*Problem to solve*:
Transcribe every line below exactly; no image goes into the output.

*Data excerpts*:
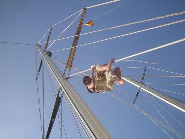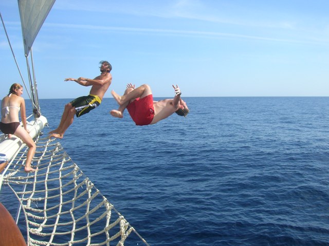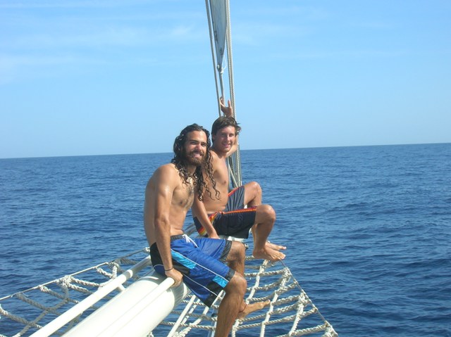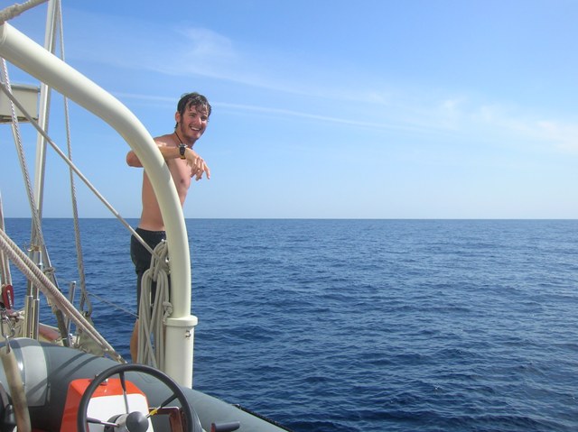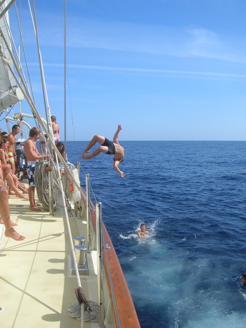 Today was a bright, sunny day underway. The wind has been light, and we have gone back and forth between motoring and sailing. We made one repair to the fisherman rigging in the morning and sent Evan up the mast to repair it. In the afternoon, we crossed the 3000nm mark on the trip, and about 6nm later, we entered into the tropics. The water has also gotten warmer, and the crew enjoyed our time to swim and do some backflips off the bow. Overall, it has been a great day.
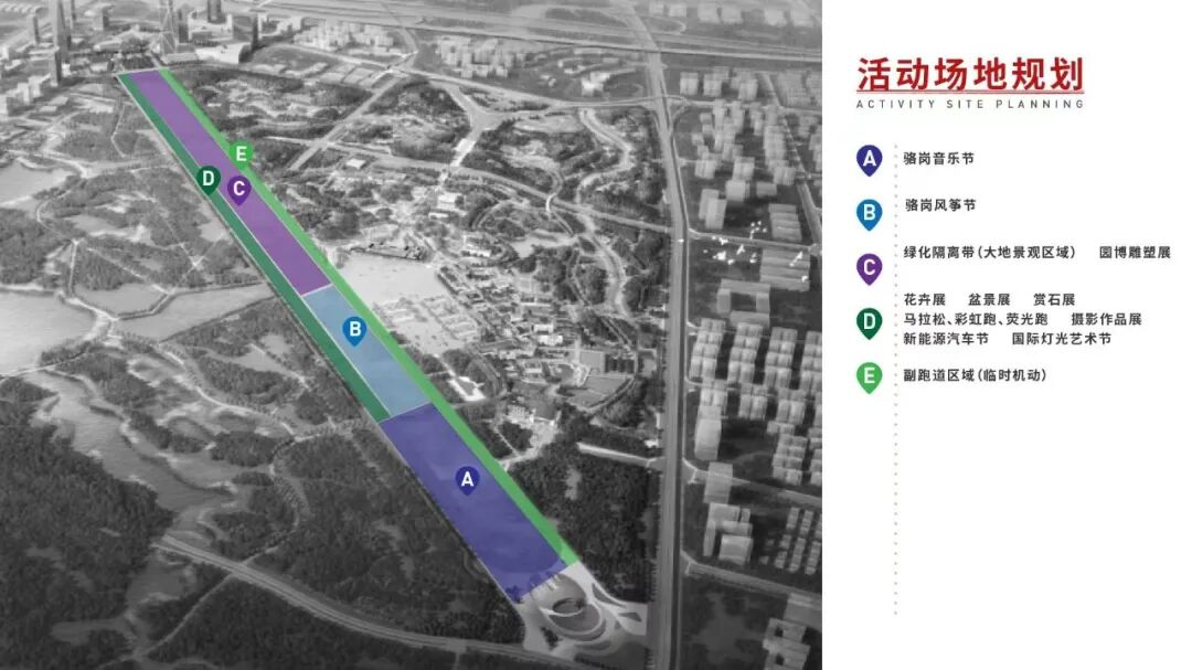 而原骆岗机场将会在园博会期间以极其靓丽的姿态重新绽放。除了城市更新展区(园博小镇)、生态园林展区满足广大市民、游客休闲体验、商业配套服务以外,还将会利用原骆岗机场遗留的13万平方米停机坪打造科技科技展,以及开通直升机观光旅游航线,利用3.3公里长机场跑道开展系列活动,打造一座永远有变化、永远不落幕的跑道秀场与一场汇聚创新科技元素的科技盛宴。
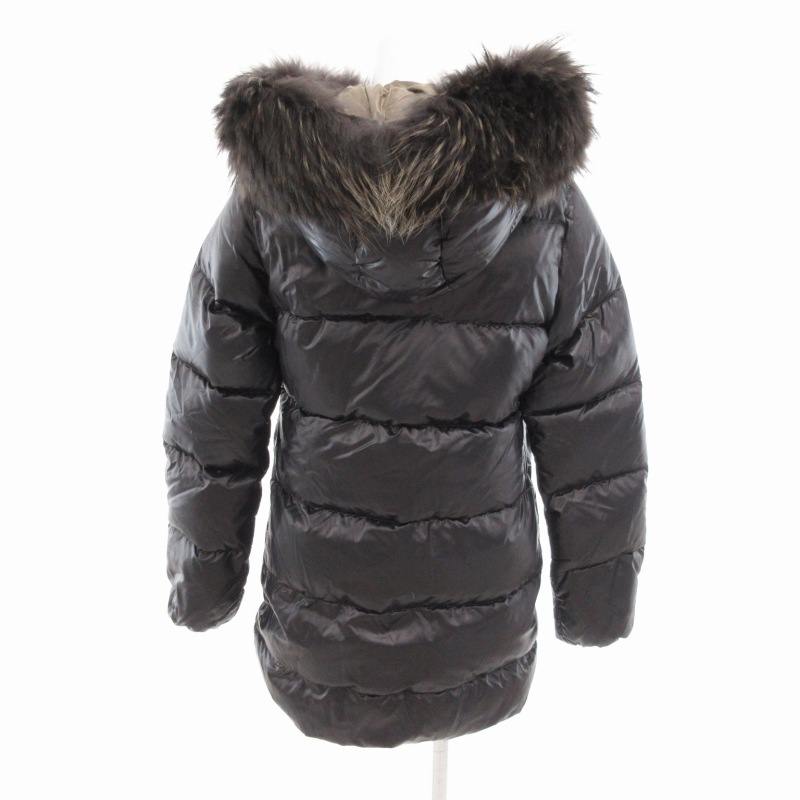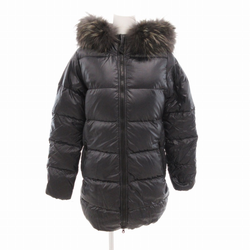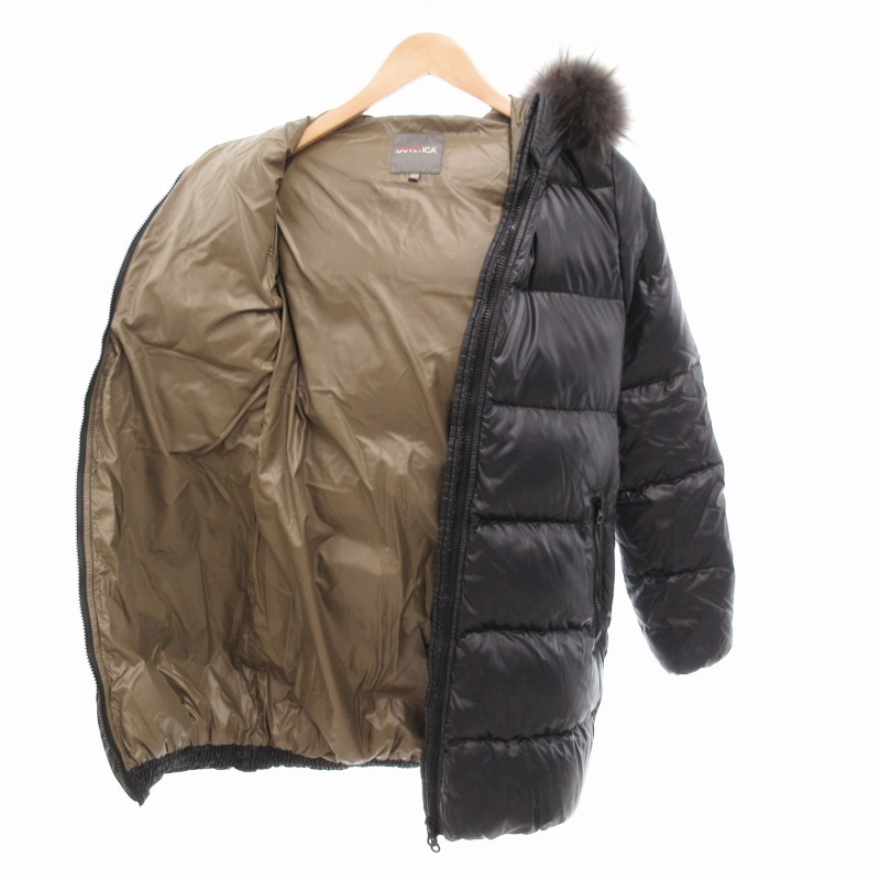デュベティカ DUVETICA ダウンコート フード ラクーンファー ナイロン ミドル丈 40 L 黒 ブラック /HO◇ 0218 ■GY04 レディース
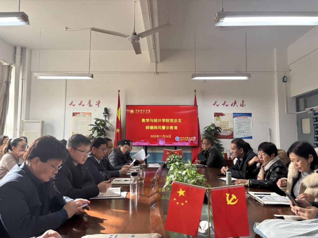 11月26日,数学与统计学院党总支在学院会议室开展师德师风警示教育活动,学院全体教职工参加,学院党总支书记苟建超主持会议。
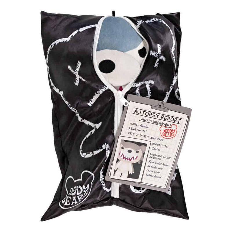 ¡Colecciónalos todos! El gran peluche de 30 cm de Deddy Bears Aullador viene con una bolsa y un informe de autopsia.
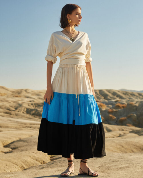 Duży rozporek z przodu podkreśla jej wakacyjny urok, doskonale wygląda z naszym topem CALI w komplecie.
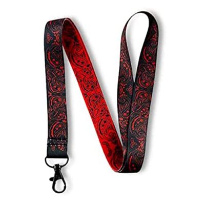 - These lanyards come with red patterns, logos, or text printed on the strap.

*Written answer*:
 Today was a bright, sunny day underway. The wind has been light, and we have gone back and forth between motoring and sailing. We made one repair to the fisherman rigging in the morning and sent Evan up the mast to repair it. In the afternoon, we crossed the 3000nm mark on the trip, and about 6nm later, we entered into the tropics. The water has also gotten warmer, and the crew enjoyed our time to swim and do some backflips off the bow. Overall, it has been a great day.
 而原骆岗机场将会在园博会期间以极其靓丽的姿态重新绽放。除了城市更新展区(园博小镇)、生态园林展区满足广大市民、游客休闲体验、商业配套服务以外,还将会利用原骆岗机场遗留的13万平方米停机坪打造科技科技展,以及开通直升机观光旅游航线,利用3.3公里长机场跑道开展系列活动,打造一座永远有变化、永远不落幕的跑道秀场与一场汇聚创新科技元素的科技盛宴。
デュベティカ DUVETICA ダウンコート フード ラクーンファー ナイロン ミドル丈 40 L 黒 ブラック /HO◇ 0218 ■GY04 レディース
 11月26日,数学与统计学院党总支在学院会议室开展师德师风警示教育活动,学院全体教职工参加,学院党总支书记苟建超主持会议。
 ¡Colecciónalos todos! El gran peluche de 30 cm de Deddy Bears Aullador viene con una bolsa y un informe de autopsia.
 Duży rozporek z przodu podkreśla jej wakacyjny urok, doskonale wygląda z naszym topem CALI w komplecie.
 - These lanyards come with red patterns, logos, or text printed on the strap.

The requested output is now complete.